Robustifying State-space Models for Long Sequences via Approximate Diagonalization
| Proceedings of the International Conference on Learning Representations (ICLR), 2024. |
Abstract
State-space models (SSMs) have recently emerged as a framework for learning long-range
sequence tasks. An example is the structured state-space sequence (S4) layer, which uses
the diagonal-plus-low-rank structure of the HiPPO initialization framework. However, the
complicated structure of the S4 layer poses challenges; and, in an effort to address
these challenges, models such as S4D and S5 have considered a purely diagonal structure.
This choice simplifies the implementation, improves computational efficiency, and allows
channel communication.
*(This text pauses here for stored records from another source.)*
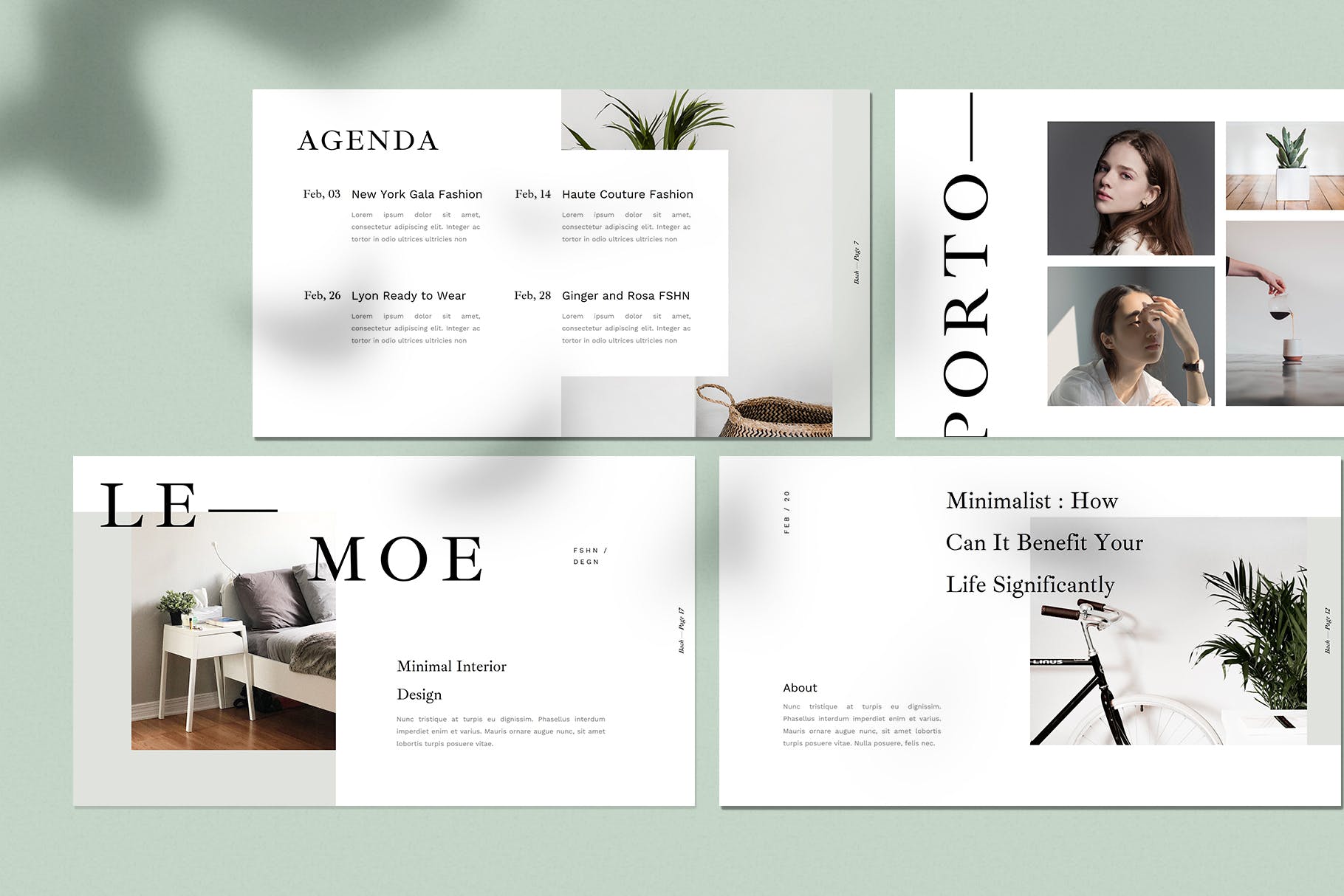 是一个极简风格的演示模板,非常适合用于业务演示,lookbook幻灯片,项目推介等。
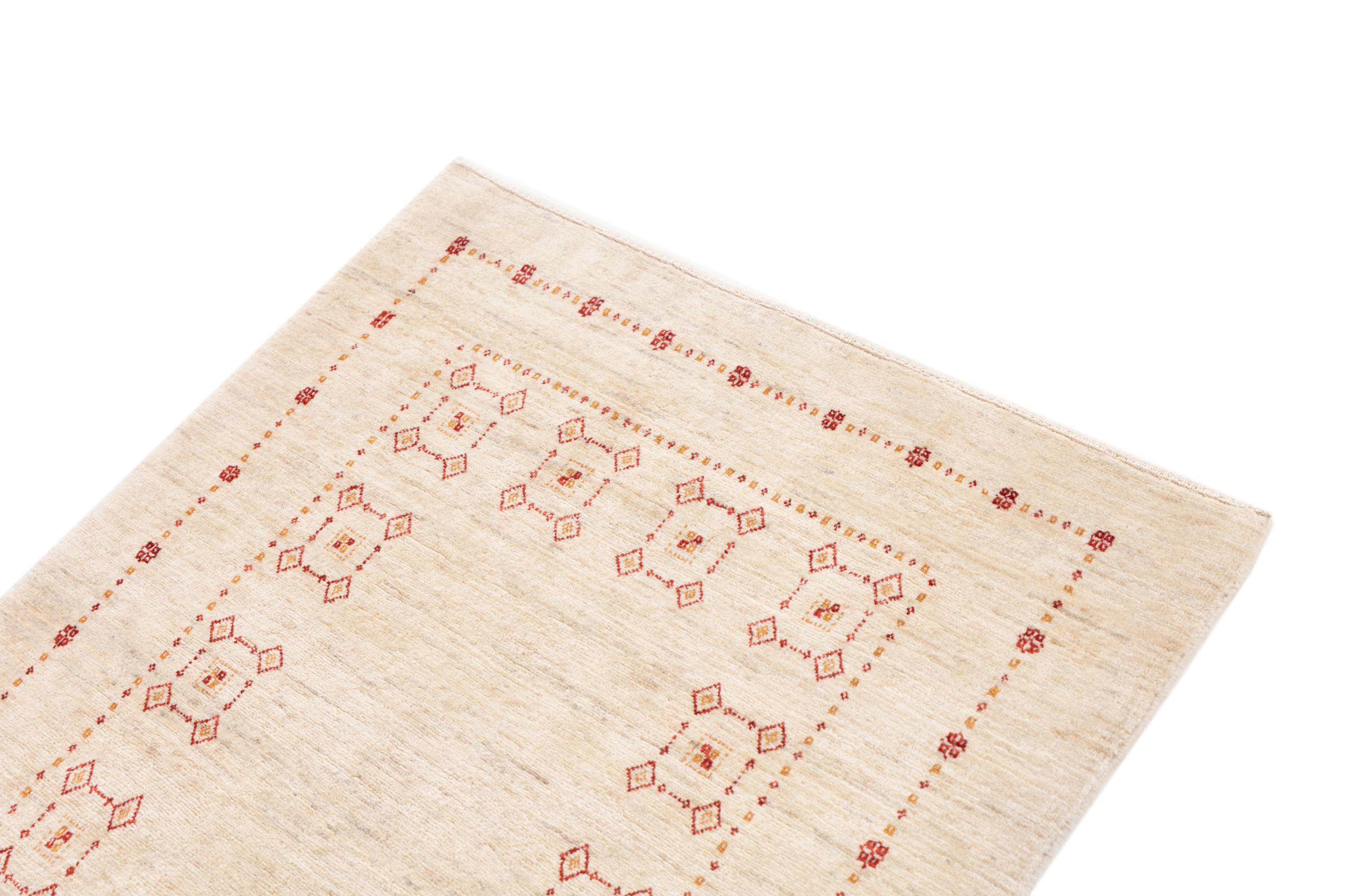 Un refinamiento de las ya conocidas alfombras Gabbeh: Esta es esta persa Gabbeh Loribaft. Con su anudado más fino y su hermoso diseño, sabe cómo impresionar. Loren lo anudó a mano en el sur de Persia con la mejor lana de oveja hilada a mano. Solo se utilizan tintes vegetales puros para teñir la lana. Con esta alfombra obtienes el estándar más alto de una alfombra Gabbeh para tu hogar.
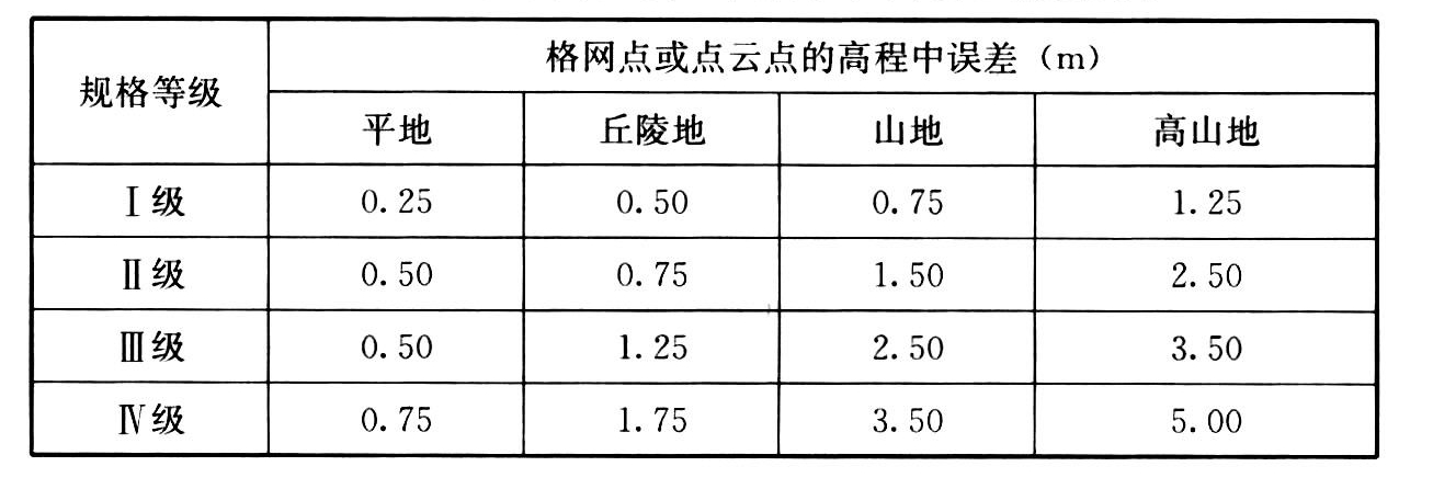 2 模型精度应采用格网点或点云点相对于邻近控制点的高程中误差衡量。高程中误差不应大于表4.2.3-2的规定;对隐蔽和其他施测困难地区,不应大于表4.2.3-2规定值的1.5倍。

However, diagonalizing the HiPPO framework is itself an ill-posed
problem. In this paper, we propose a general solution for this and related ill-posed
diagonalization problems in machine learning. We introduce a generic, backward-stable
"perturb-then-diagonalize" (PTD) methodology, which is based on the pseudospectral
theory of non-normal operators, and which may be interpreted as the approximate
diagonalization of the non-normal matrices defining SSMs. Based on this, we introduce
the S4-PTD and S5-PTD models. Through theoretical analysis of the transfer functions of
different initialization schemes, we demonstrate that the S4-PTD/S5-PTD initialization
strongly converges to the HiPPO framework, while the S4D/S5 initialization only achieves
weak convergences. As a result, our new models show resilience to Fourier-mode noise-
perturbed inputs, a crucial property not achieved by the S4D/S5 models. In addition to
improved robustness, our S5-PTD model averages 87.6% accuracy on the Long-Range Arena
benchmark, demonstrating that the PTD methodology helps to improve the accuracy of deep
learning models.